Introduction This report is in response to Harold R. Denton's letter of September 17, 1979, on the subject of " Potential Unreviewed Safety Question on Interaction Between Non-Safety Grade Systems and Safety Grade Systems."

It is intended to serve as a response to the concerns listed in Information Notice 79-22 and to fulfill the cocmitment made during our meeting with your staff on September 20, 1979.

During that meeting, we committed to:

Evaluate impact on licensing basis accident analyses due to consequential environmental effects on non-safety grade control systems.

Items that will be considered include:

Identify licensing basis accidents which cause an adverse environment for each plant.

Define Safety Analysis inputs and responses used during licensing basis accidents.

Verify Safety Analysis conclusions or recommended actions justifying continued operation.

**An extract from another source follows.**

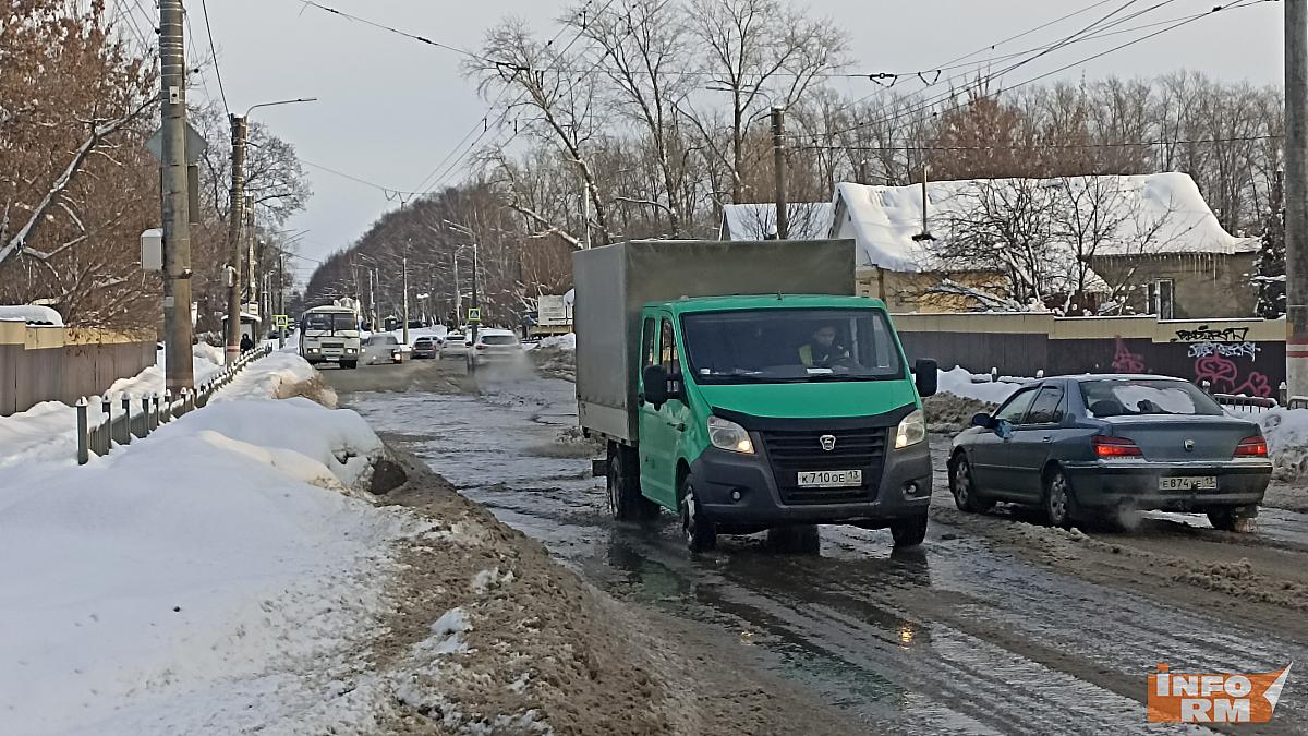 В столице Мордовии улицу А. Невского в четверг затопило водой. Вода стекала по проезжей части, образуя большие волны. Между ними пытались лавировать автомобили. Ситуацию осложняло то, что под водой находился гололёд.
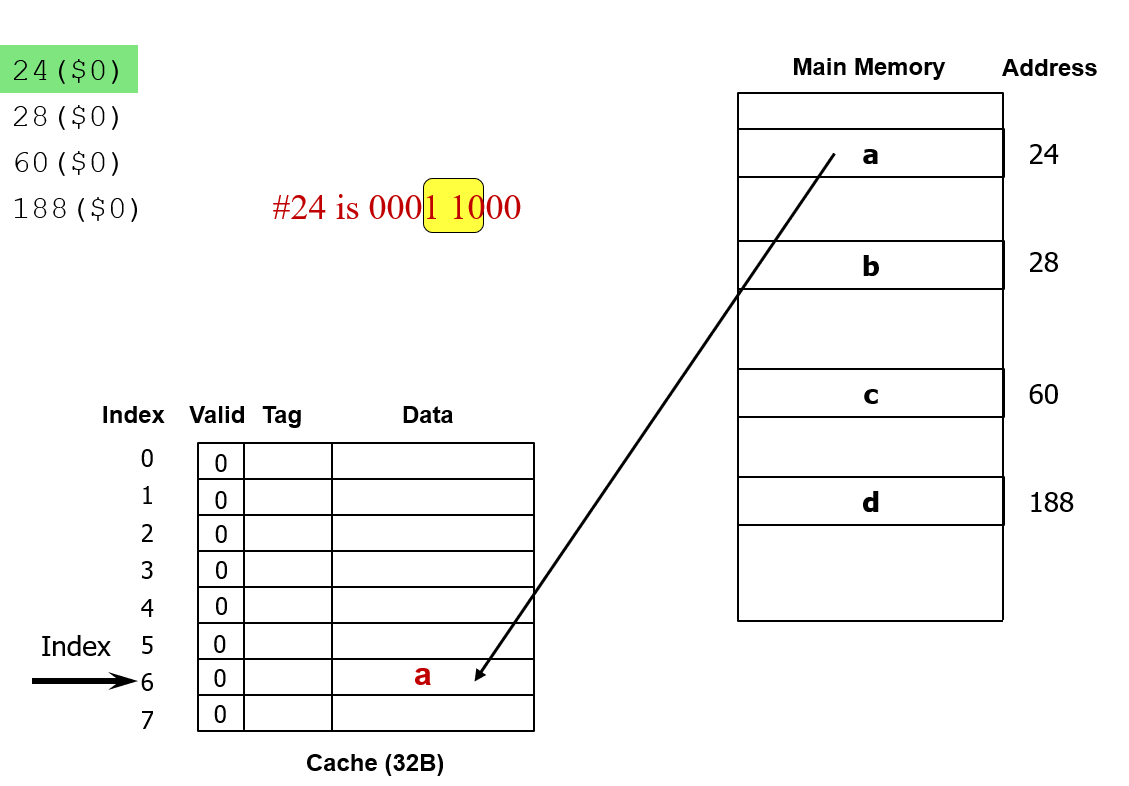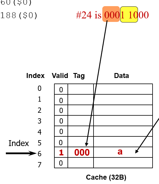 이 규칙은 메모리 블록주소의 하위 3개 비트를 보면 알 수 있다.

The scope of this response includes a confirmation that the plant's actual equipment actuation and performance are consistent with that used in the licensing basis analysis. A matrix of potential environmental effects on non-safety grade control systems is presented. Where non-safety grade equipment performance could be affected by the adverse environment, a safety assessment has been prepared. The safety assessment was used to define potential problems due to the effects of an adverse environment on non-safety grade control systems.

A justification for continued operation of the plant is provided based upon the safety assessments and risk evaluations. Work beyond the scope of the 20-day response and work to provide a more detailed assessment are included in recommended follow-up actions.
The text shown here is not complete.